As Pennsylvania embarks on a budget cycle that is laser-focused on reform and spending cuts, it seems nothing — not even utility companies — is safe from the idea that wholesale changes might help dig state and local government out of fiscal holes.

Legislation introduced by state Rep. Aaron Bernstine, R-10, would change the way dozens of Pennsylvania boroughs, including Zelienople, run their municipally-owned electric utilities. The bill has become a point of sharp contention for many municipalities, who have warned that it could lead to service cuts or tax hikes.

Bernstine calls the bill “good, common sense legislation,” and it’s hard to argue with him on the broad strokes — though he goes too far in claiming that all boroughs which own and run their own electric companies are using the current system to “inappropriately gouge” residents.

That’s an over-the-top claim which is just not backed up by facts and figures, and Bernstine would be better served by moderating his critique of the system — which last came under fire in 2011 after revelations that residents in Middletown, Pa., were being gouged by the municipal electric company in an effort to close a $3 million budget gap for the borough.

Is Middletown the rule, or the exception that proves most borough-run electric utilities are functioning fairly? Because so many serve smaller, rural communities, it’s difficult to say for sure. Some communities — Ellwood City, Perkasie, Mont Alto — have publicly complained in the past about high electric rates or large rate hikes. But there’s little evidence that the Middletown model (a borough using electricity rates to subsidize a large portion of its budget) is pervasive.

Still, Bernstine is correct that residents in these communities deserve more protection under the law. The question is, what’s the best way of achieving that goal?

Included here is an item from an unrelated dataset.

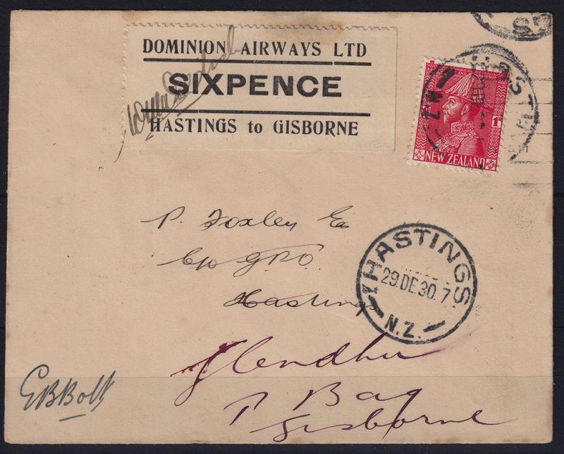 1930 (29DE) Dominion Airway Ltd/Sixpence/Hastings to Gisborne with 1d FM tied by Hastings cancel to Gisborne. Signed by GB Bolt. Non Verne Collins Cover. Light stain at top. (1)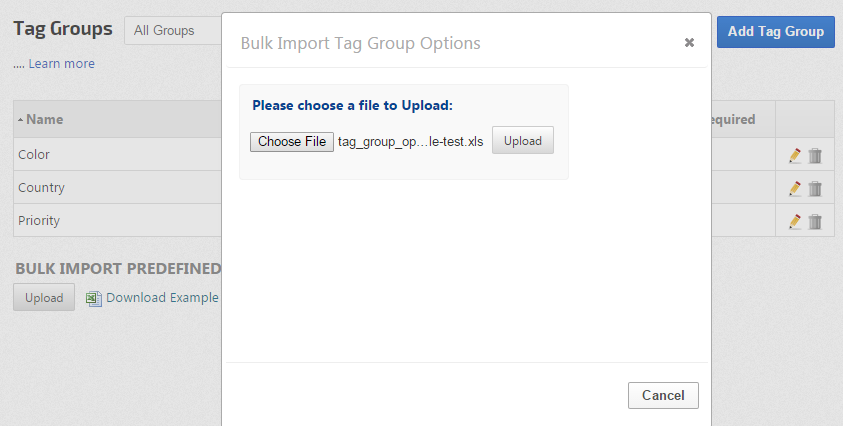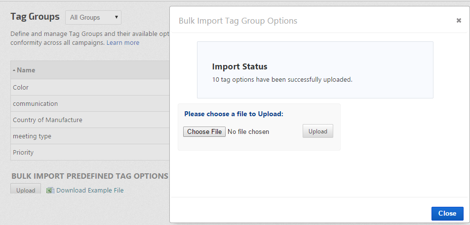 - Return to the Tag Manager screen and click the Upload button that is beside the Download Example File link.

And the rub is this: there’s really no good solution. It all comes down to the quality of the governance around the utility companies themselves. Whether you adopt an investor-owned, regulated utility model like the one overseen by the state Public Utility Commission (PUC), or the publicly-owned monopoly model Bernstine finds so much fault with, that won’t change.

In the PUC model, taxpayers are too distracted and busy to care about who gets appointed to the commission that regulates the utilities, so the commission skews in favor of the companies’ interests rather than the public, which sometimes results in higher-than-desirable rates.

In the municipal model, voters aren’t informed or interested about the specifics of electrical utility management, the enterprise becomes a political tool, and customers, who lack a competitive market, are sometimes saddled with higher bills.

We’re not convinced that one is any better than the other. So the question should come down to basic institutional quality. If municipal electric utilities are providing quality service and reasonable prices to the people in a community, there’s no reason for the state to try and reinvent the wheel.